>>>>>

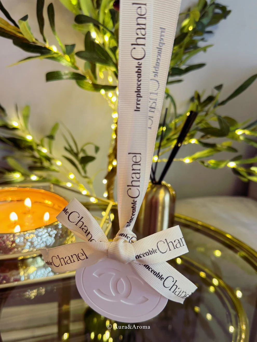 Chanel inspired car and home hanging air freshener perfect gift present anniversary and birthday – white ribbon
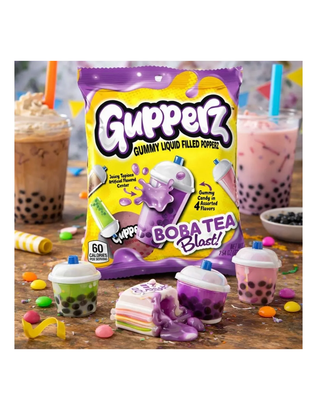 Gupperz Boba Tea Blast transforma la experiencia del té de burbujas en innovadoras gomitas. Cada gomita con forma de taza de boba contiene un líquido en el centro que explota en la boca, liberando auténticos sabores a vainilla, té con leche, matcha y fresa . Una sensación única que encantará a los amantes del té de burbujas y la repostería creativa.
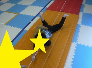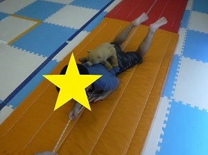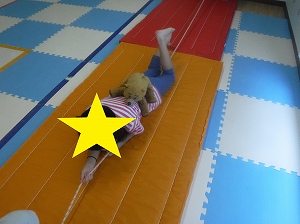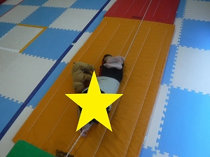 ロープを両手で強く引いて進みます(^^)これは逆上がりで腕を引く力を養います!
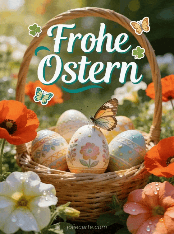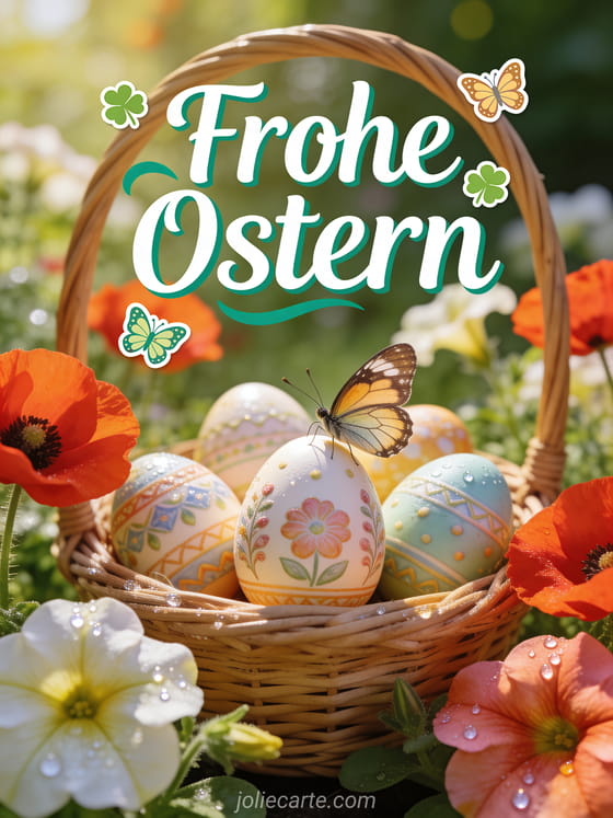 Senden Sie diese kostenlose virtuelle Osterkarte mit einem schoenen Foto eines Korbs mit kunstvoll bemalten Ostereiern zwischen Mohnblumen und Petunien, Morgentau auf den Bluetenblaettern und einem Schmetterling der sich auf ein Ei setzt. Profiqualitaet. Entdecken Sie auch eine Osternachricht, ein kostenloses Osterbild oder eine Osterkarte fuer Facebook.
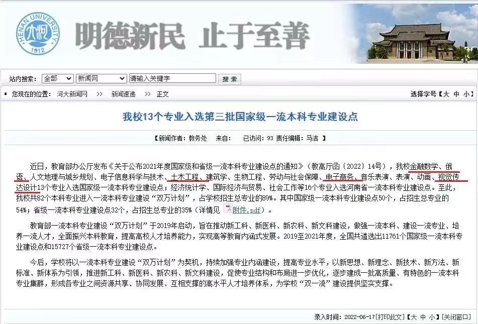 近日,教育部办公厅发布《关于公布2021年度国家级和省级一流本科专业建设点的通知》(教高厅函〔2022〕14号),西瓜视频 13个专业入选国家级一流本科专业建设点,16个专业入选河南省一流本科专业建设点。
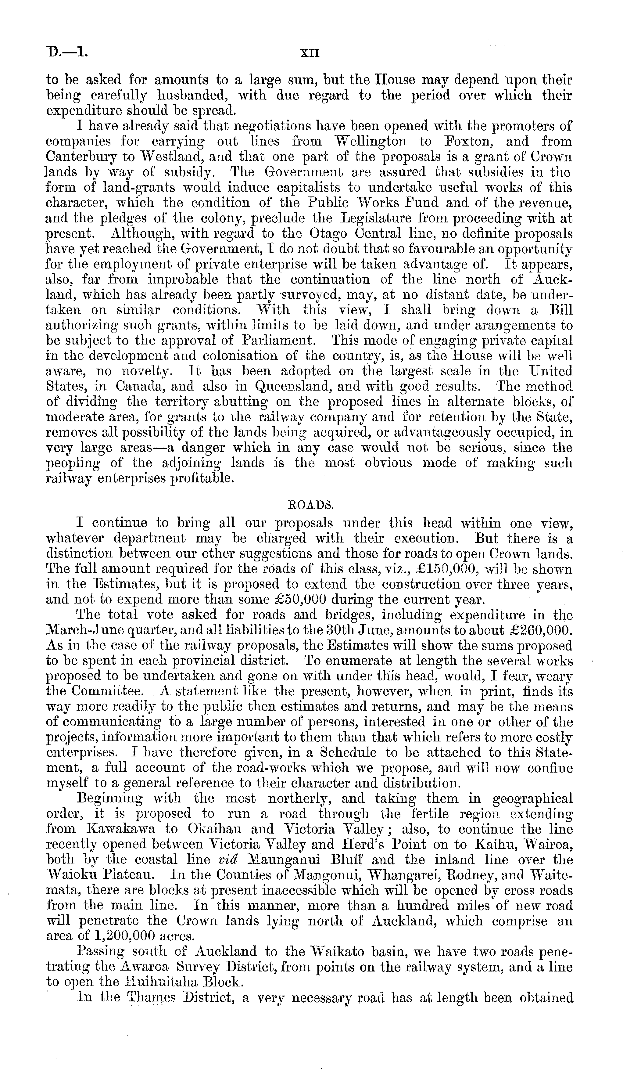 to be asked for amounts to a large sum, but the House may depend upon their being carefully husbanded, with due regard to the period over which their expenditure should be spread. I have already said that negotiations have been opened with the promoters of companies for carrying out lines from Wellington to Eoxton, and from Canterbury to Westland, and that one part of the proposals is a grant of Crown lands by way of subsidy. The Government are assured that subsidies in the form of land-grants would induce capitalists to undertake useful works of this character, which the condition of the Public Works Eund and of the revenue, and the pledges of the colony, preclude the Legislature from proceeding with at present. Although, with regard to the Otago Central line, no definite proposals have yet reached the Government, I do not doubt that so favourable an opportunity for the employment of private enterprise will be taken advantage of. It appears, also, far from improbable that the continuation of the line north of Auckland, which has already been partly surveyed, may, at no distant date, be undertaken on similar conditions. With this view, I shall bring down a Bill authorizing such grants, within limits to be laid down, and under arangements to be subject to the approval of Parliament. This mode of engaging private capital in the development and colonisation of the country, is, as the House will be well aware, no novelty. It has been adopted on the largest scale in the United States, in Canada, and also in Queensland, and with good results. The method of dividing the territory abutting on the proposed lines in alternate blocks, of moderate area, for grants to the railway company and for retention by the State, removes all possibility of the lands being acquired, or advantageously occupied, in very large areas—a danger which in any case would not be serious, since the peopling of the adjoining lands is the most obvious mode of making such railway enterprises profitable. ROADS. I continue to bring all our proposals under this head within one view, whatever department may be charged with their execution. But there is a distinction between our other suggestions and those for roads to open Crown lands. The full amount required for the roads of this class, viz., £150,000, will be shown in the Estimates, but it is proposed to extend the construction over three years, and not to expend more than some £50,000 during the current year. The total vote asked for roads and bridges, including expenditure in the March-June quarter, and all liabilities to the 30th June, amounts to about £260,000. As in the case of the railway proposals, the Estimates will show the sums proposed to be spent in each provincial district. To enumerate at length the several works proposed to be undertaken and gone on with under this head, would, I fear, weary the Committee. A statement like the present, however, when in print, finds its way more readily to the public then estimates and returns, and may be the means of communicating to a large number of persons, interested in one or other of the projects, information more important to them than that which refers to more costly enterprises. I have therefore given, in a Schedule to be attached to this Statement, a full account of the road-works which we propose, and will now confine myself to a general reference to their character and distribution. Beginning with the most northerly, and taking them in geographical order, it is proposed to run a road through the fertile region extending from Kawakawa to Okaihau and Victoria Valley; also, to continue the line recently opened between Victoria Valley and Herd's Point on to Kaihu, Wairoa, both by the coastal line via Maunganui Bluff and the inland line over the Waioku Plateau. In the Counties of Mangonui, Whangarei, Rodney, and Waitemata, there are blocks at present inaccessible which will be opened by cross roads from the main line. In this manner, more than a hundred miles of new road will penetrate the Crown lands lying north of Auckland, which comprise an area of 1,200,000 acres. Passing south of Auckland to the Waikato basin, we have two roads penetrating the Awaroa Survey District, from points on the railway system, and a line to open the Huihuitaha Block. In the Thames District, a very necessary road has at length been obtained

<<<<<

» **Work to complete**:
Output the data above in full. Skip every picture.

» **Task response**:
 Chanel inspired car and home hanging air freshener perfect gift present anniversary and birthday – white ribbon
 Gupperz Boba Tea Blast transforma la experiencia del té de burbujas en innovadoras gomitas. Cada gomita con forma de taza de boba contiene un líquido en el centro que explota en la boca, liberando auténticos sabores a vainilla, té con leche, matcha y fresa . Una sensación única que encantará a los amantes del té de burbujas y la repostería creativa.
 ロープを両手で強く引いて進みます(^^)これは逆上がりで腕を引く力を養います!
 Senden Sie diese kostenlose virtuelle Osterkarte mit einem schoenen Foto eines Korbs mit kunstvoll bemalten Ostereiern zwischen Mohnblumen und Petunien, Morgentau auf den Bluetenblaettern und einem Schmetterling der sich auf ein Ei setzt. Profiqualitaet. Entdecken Sie auch eine Osternachricht, ein kostenloses Osterbild oder eine Osterkarte fuer Facebook.
 近日,教育部办公厅发布《关于公布2021年度国家级和省级一流本科专业建设点的通知》(教高厅函〔2022〕14号),西瓜视频 13个专业入选国家级一流本科专业建设点,16个专业入选河南省一流本科专业建设点。
 to be asked for amounts to a large sum, but the House may depend upon their being carefully husbanded, with due regard to the period over which their expenditure should be spread. I have already said that negotiations have been opened with the promoters of companies for carrying out lines from Wellington to Eoxton, and from Canterbury to Westland, and that one part of the proposals is a grant of Crown lands by way of subsidy. The Government are assured that subsidies in the form of land-grants would induce capitalists to undertake useful works of this character, which the condition of the Public Works Eund and of the revenue, and the pledges of the colony, preclude the Legislature from proceeding with at present. Although, with regard to the Otago Central line, no definite proposals have yet reached the Government, I do not doubt that so favourable an opportunity for the employment of private enterprise will be taken advantage of. It appears, also, far from improbable that the continuation of the line north of Auckland, which has already been partly surveyed, may, at no distant date, be undertaken on similar conditions. With this view, I shall bring down a Bill authorizing such grants, within limits to be laid down, and under arangements to be subject to the approval of Parliament. This mode of engaging private capital in the development and colonisation of the country, is, as the House will be well aware, no novelty. It has been adopted on the largest scale in the United States, in Canada, and also in Queensland, and with good results. The method of dividing the territory abutting on the proposed lines in alternate blocks, of moderate area, for grants to the railway company and for retention by the State, removes all possibility of the lands being acquired, or advantageously occupied, in very large areas—a danger which in any case would not be serious, since the peopling of the adjoining lands is the most obvious mode of making such railway enterprises profitable. ROADS. I continue to bring all our proposals under this head within one view, whatever department may be charged with their execution. But there is a distinction between our other suggestions and those for roads to open Crown lands. The full amount required for the roads of this class, viz., £150,000, will be shown in the Estimates, but it is proposed to extend the construction over three years, and not to expend more than some £50,000 during the current year. The total vote asked for roads and bridges, including expenditure in the March-June quarter, and all liabilities to the 30th June, amounts to about £260,000. As in the case of the railway proposals, the Estimates will show the sums proposed to be spent in each provincial district. To enumerate at length the several works proposed to be undertaken and gone on with under this head, would, I fear, weary the Committee. A statement like the present, however, when in print, finds its way more readily to the public then estimates and returns, and may be the means of communicating to a large number of persons, interested in one or other of the projects, information more important to them than that which refers to more costly enterprises. I have therefore given, in a Schedule to be attached to this Statement, a full account of the road-works which we propose, and will now confine myself to a general reference to their character and distribution. Beginning with the most northerly, and taking them in geographical order, it is proposed to run a road through the fertile region extending from Kawakawa to Okaihau and Victoria Valley; also, to continue the line recently opened between Victoria Valley and Herd's Point on to Kaihu, Wairoa, both by the coastal line via Maunganui Bluff and the inland line over the Waioku Plateau. In the Counties of Mangonui, Whangarei, Rodney, and Waitemata, there are blocks at present inaccessible which will be opened by cross roads from the main line. In this manner, more than a hundred miles of new road will penetrate the Crown lands lying north of Auckland, which comprise an area of 1,200,000 acres. Passing south of Auckland to the Waikato basin, we have two roads penetrating the Awaroa Survey District, from points on the railway system, and a line to open the Huihuitaha Block. In the Thames District, a very necessary road has at length been obtained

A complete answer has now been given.